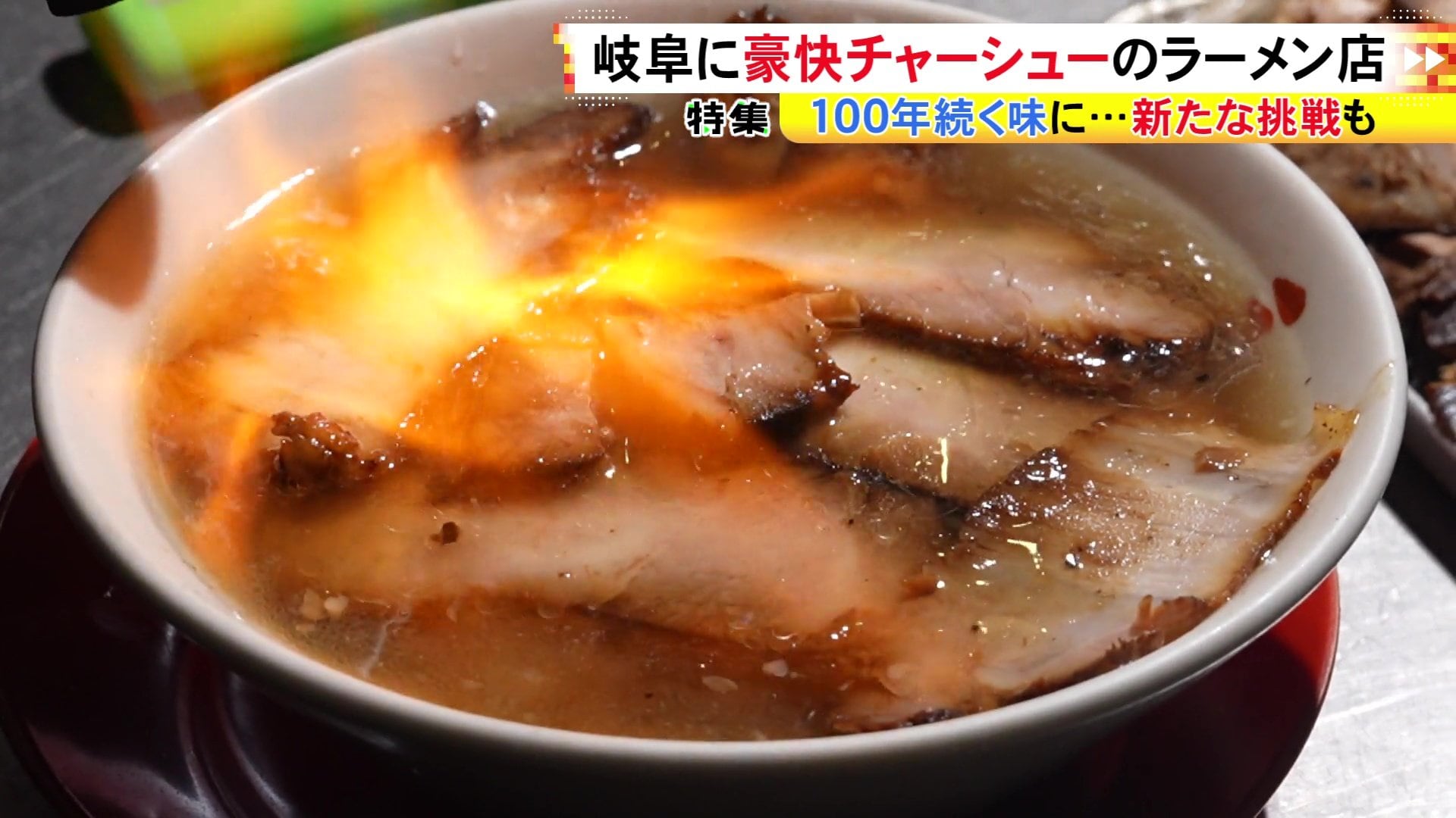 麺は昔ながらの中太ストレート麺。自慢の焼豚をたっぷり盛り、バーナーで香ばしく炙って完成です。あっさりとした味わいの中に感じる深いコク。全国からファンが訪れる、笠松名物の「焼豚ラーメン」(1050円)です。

--

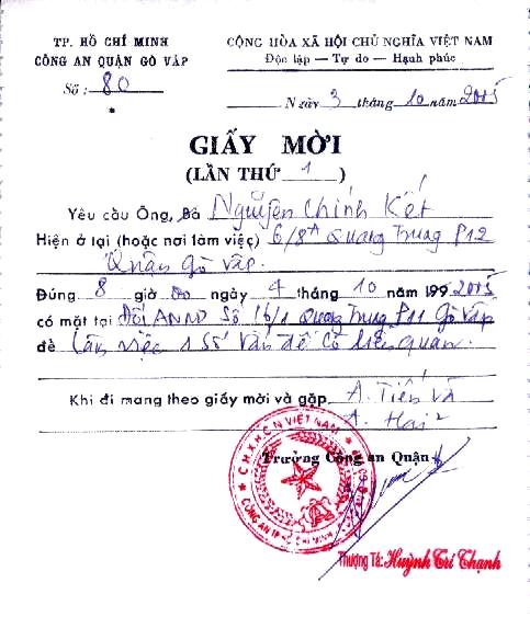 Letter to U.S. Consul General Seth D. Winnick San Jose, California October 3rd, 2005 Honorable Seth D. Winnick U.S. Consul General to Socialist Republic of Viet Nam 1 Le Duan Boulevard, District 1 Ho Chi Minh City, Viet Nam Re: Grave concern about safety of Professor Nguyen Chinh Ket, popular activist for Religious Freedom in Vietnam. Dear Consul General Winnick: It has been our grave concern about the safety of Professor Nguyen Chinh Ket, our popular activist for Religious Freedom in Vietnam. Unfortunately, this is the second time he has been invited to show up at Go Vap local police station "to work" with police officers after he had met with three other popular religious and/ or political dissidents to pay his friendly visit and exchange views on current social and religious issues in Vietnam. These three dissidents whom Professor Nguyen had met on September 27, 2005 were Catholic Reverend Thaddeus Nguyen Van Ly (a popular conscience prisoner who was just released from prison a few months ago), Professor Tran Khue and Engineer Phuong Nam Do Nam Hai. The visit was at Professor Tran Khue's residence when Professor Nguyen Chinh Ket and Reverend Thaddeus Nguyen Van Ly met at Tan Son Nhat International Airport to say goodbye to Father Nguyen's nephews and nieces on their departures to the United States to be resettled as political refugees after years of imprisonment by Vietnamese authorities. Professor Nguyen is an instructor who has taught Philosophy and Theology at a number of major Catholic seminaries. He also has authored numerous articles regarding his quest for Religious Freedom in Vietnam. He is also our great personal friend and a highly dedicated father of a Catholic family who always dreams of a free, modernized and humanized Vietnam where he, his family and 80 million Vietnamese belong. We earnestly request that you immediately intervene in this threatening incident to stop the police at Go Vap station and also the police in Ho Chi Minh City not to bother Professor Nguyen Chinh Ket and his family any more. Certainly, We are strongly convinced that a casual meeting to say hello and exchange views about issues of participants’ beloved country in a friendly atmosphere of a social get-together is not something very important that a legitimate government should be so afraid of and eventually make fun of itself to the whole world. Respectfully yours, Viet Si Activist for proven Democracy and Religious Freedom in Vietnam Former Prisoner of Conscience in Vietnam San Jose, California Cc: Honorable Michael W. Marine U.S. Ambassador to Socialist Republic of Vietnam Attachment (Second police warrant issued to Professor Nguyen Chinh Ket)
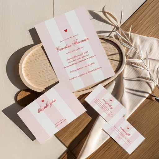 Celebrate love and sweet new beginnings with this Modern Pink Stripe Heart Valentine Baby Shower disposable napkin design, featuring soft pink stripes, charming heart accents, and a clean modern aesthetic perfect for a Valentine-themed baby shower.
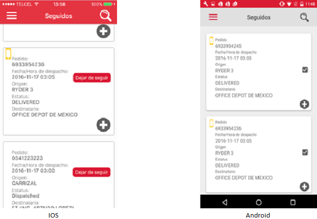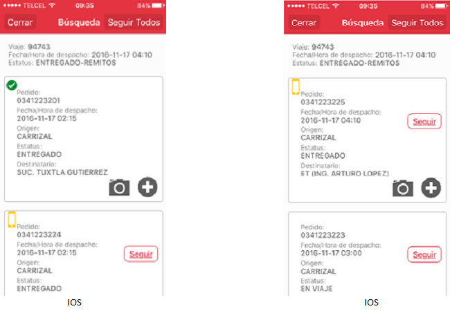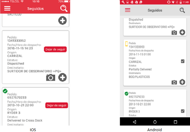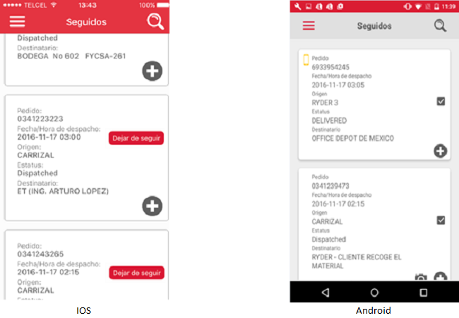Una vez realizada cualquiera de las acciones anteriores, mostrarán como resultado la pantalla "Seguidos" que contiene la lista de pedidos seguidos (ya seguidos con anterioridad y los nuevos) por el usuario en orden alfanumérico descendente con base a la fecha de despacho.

* * *

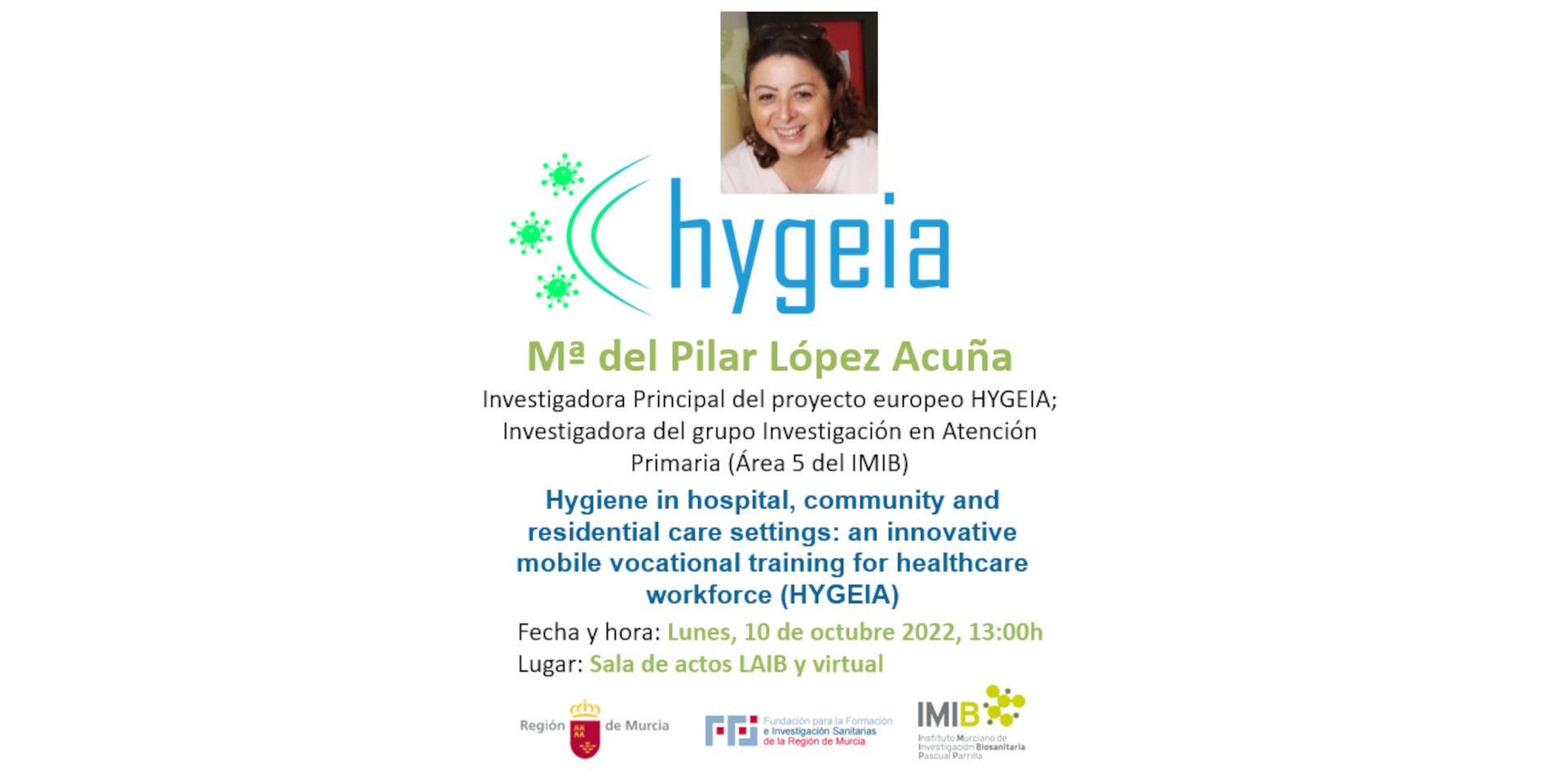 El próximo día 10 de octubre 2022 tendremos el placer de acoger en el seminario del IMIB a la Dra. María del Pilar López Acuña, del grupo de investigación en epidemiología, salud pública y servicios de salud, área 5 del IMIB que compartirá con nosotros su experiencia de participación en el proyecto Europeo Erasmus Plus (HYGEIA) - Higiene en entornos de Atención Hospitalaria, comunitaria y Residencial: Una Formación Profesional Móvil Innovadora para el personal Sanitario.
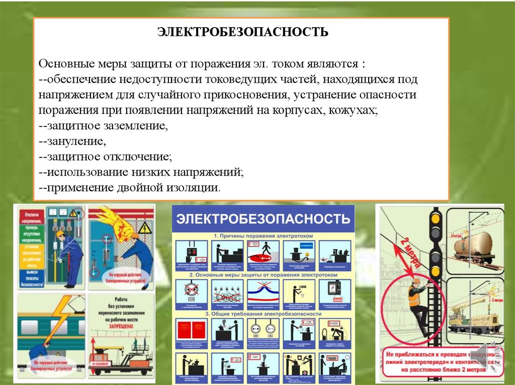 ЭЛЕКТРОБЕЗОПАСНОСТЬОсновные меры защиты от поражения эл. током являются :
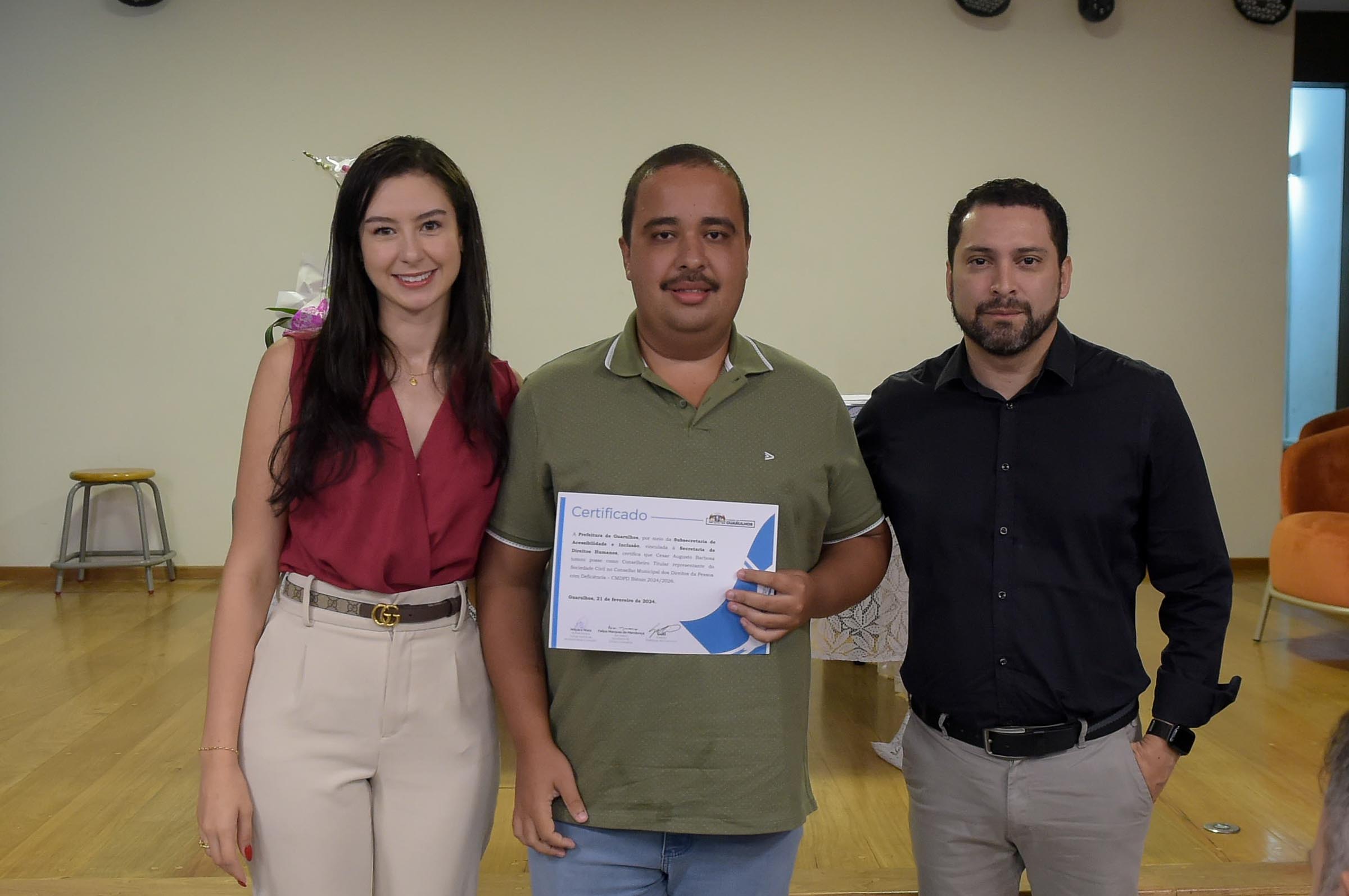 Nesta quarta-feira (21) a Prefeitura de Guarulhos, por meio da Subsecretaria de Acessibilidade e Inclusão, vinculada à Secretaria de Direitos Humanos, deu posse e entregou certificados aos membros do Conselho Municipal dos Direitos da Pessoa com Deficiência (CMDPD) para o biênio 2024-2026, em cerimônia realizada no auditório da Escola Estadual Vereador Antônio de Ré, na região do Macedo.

● **Work instructions**
Using the listing above, reproduce word for word every line from the one containing "El próximo día" through the one containing "ЭЛЕКТРОБЕЗОПАСНОСТЬОсновные меры защиты". Pictures must be left out.

● **Result**
 El próximo día 10 de octubre 2022 tendremos el placer de acoger en el seminario del IMIB a la Dra. María del Pilar López Acuña, del grupo de investigación en epidemiología, salud pública y servicios de salud, área 5 del IMIB que compartirá con nosotros su experiencia de participación en el proyecto Europeo Erasmus Plus (HYGEIA) - Higiene en entornos de Atención Hospitalaria, comunitaria y Residencial: Una Formación Profesional Móvil Innovadora para el personal Sanitario.
 ЭЛЕКТРОБЕЗОПАСНОСТЬОсновные меры защиты от поражения эл. током являются :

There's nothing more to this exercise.